Non-Violence

Friday, January 14, 2005

Following a link from Tony, I found my self on Annika's site reading her 100 things about me post. Number 64 caught my eye:

64. i am an unrepentant hawk, who has studied the works of Gandhi, King and Merton. i admire these men very much. The trouble, as i see it, is that Saddam Hussein, Kim Jong Il, Osama Bin Laden and Yasser Arafat do not.

This is a good representation of the majority view of non-violence today... "Sounds great, but it isn't practical." This perspective is painfully flawed and the root cause of untold suffering in our world.

Ghandi Mural

Someone like Osama Bin Laden does the horrible things he does because he believes that the United States is causing a great level of harm due to it's aggressive (including violent) imperialist behavior. He hopes to create a level of fear that will change these ways. In turn the United States does the same... fear of retribution as a means to curtail unwanted behavior. While the faces my shift, the cycle continue infinitely (Saddam became a problem due in part to the weapons and training the U.S. gave him so that Iraq could act as a proxy in fighting Iran and backwards and backwards and backwards).

There is no honor in killing the people that disagree with you until an environment for disagreement no longer exists.

There is no real change brought about through fear.

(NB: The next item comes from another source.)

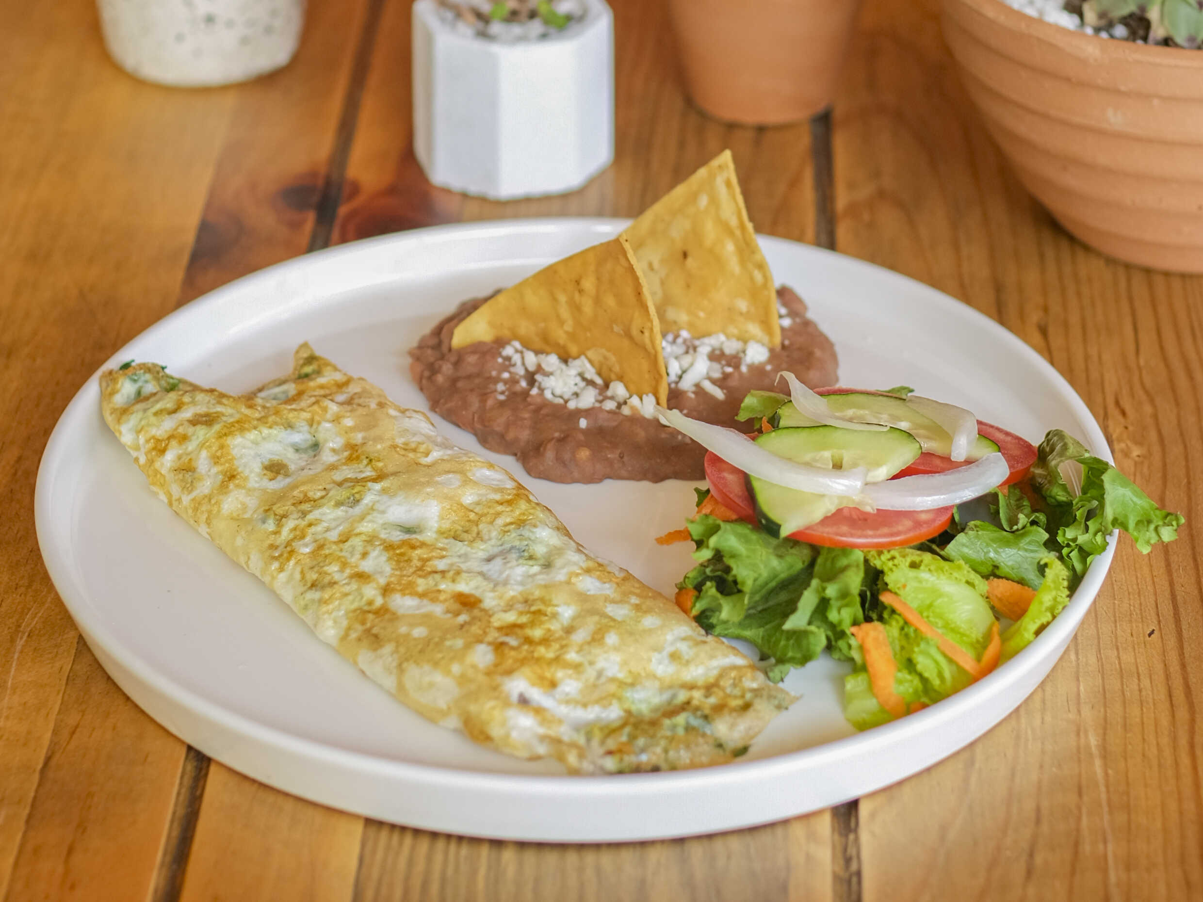 Huevos rancheros en salsa roja o verde, cubiertos con cebolla morada, crema y queso ranchero, acompañados de frijoles refritos. Un Clásico lleno de sabor y tradición.

The truth about Hawks is that they're all a bunch of pussies. They are unwilling to take the abuse Gandhi and his followers did in the name of their ideas (Can you imagine George W. Bush fasting for 21 days in the name of Democracy? In the name of anything?). They lack the conviction that would allow them to see past the short term gains of beating said ideas into others. They lack the faith required to see that, as Gandhi often said, non-violence works because it taps into a fundamental truth buried deep within all human beings.

These are not flaws of the people in question, but rather a reflection of the culture we live in. Western society has perverted the definition of strength. It has all but destroyed genuine faith - Replacing it with a list of systematic steps required to play a part. Check off the list and your done. We're ever increasingly creating ourselves as false idols.

95. i try to put up a strong front at all times, but i secretly long for someone with whom i can let my guard down.

96. If i ever find that one person, I'm afraid i may break down and cry in his arms for a very long time. They will be tears of relief and joy as much as anything else.

There's little in the way of a mental leap to see the association between putting up a giant front in the world at large and putting it up in the personal world at small.

In a society that explicitly teaches us not to see our true selves, Gandhi's principle of satyagraha (truth force) is a gigantic leap. Before you can have the faith required to see the beauty in others, you need faith in yourself ...That's fucking scary. It means facing up to the true nature of things... Looking the paradox of control dead in the eye... Realizing that making your way in the world is in fact harder than commercials make it out to be... and you can't simply close your eyes and whack everything with the biggest stick.

It should be noted that I don't know Annika and I don't mean to pick on her personally. I've run into her blog in the past and enjoyed it, even though we have a lot of differences. It just so happened that today it clicked with a variety of things that have been bumping around in my head since the election.